Available data section start

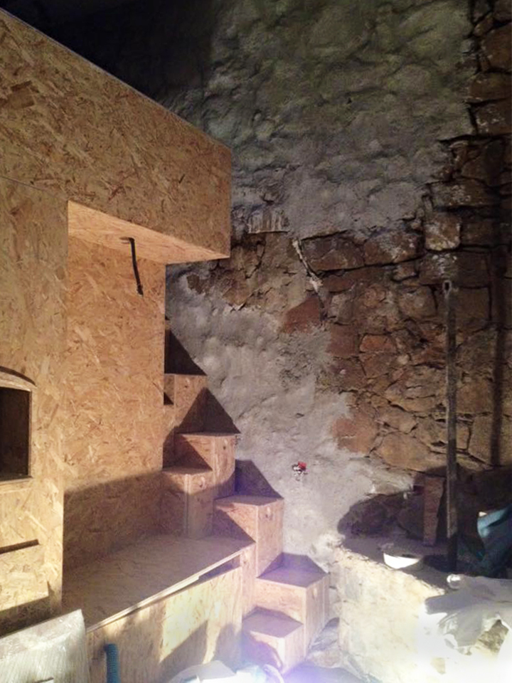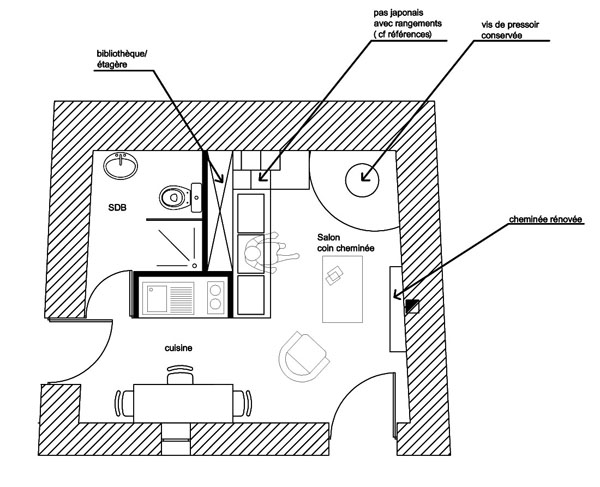 Autour de la vis de pressoir et de la cheminée existante et rénovée, l’espace s’organise en  salon.
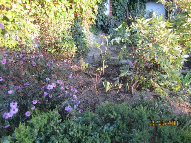 Me revoila je demande de l'aide et oublie la photo . On y devine les iris sauvés,une daphne transplantée, une pivoine herbacée sauvée in extremis. on devine le feuillage des pivoines arbustives non touchées. Merci de m'aider à " meubler de coin. Il y a des géraniums vivaces sauvés dont on devine à peine l'emplacement ayant été enterrés je les ressors lentement .J'ai perdu énormément de bulbes et toutes les primevères.
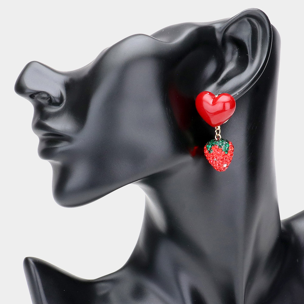 Resin Heart Rhinestone Embellished Strawberry Link Dangle Earrings
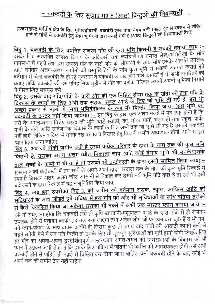 हमारे देश में यह चकबंदी 1920 से लागू है. यही हमारा पडौसी राज्य हिमाचल प्रदेश ने 1971 में पंजाब से पृथक राज्य मिलते ही सबसे पहले अपने भूमिधरों के लिए यह चकबंदी लागू की जिसके चलते हिमाचल प्रदेश की अर्थव्यवस्था उद्यान आधारित है. लेकिन हमारे पहाड़ में यह चकबंदी भी आज तक लागू नहीं हो पाई है?

Available data section end

Only the lines from the one containing "Resin Heart Rhinestone" through the last line of the data belong in the copy, both included and reproduced exactly. Pictures do not.

 Resin Heart Rhinestone Embellished Strawberry Link Dangle Earrings
 हमारे देश में यह चकबंदी 1920 से लागू है. यही हमारा पडौसी राज्य हिमाचल प्रदेश ने 1971 में पंजाब से पृथक राज्य मिलते ही सबसे पहले अपने भूमिधरों के लिए यह चकबंदी लागू की जिसके चलते हिमाचल प्रदेश की अर्थव्यवस्था उद्यान आधारित है. लेकिन हमारे पहाड़ में यह चकबंदी भी आज तक लागू नहीं हो पाई है?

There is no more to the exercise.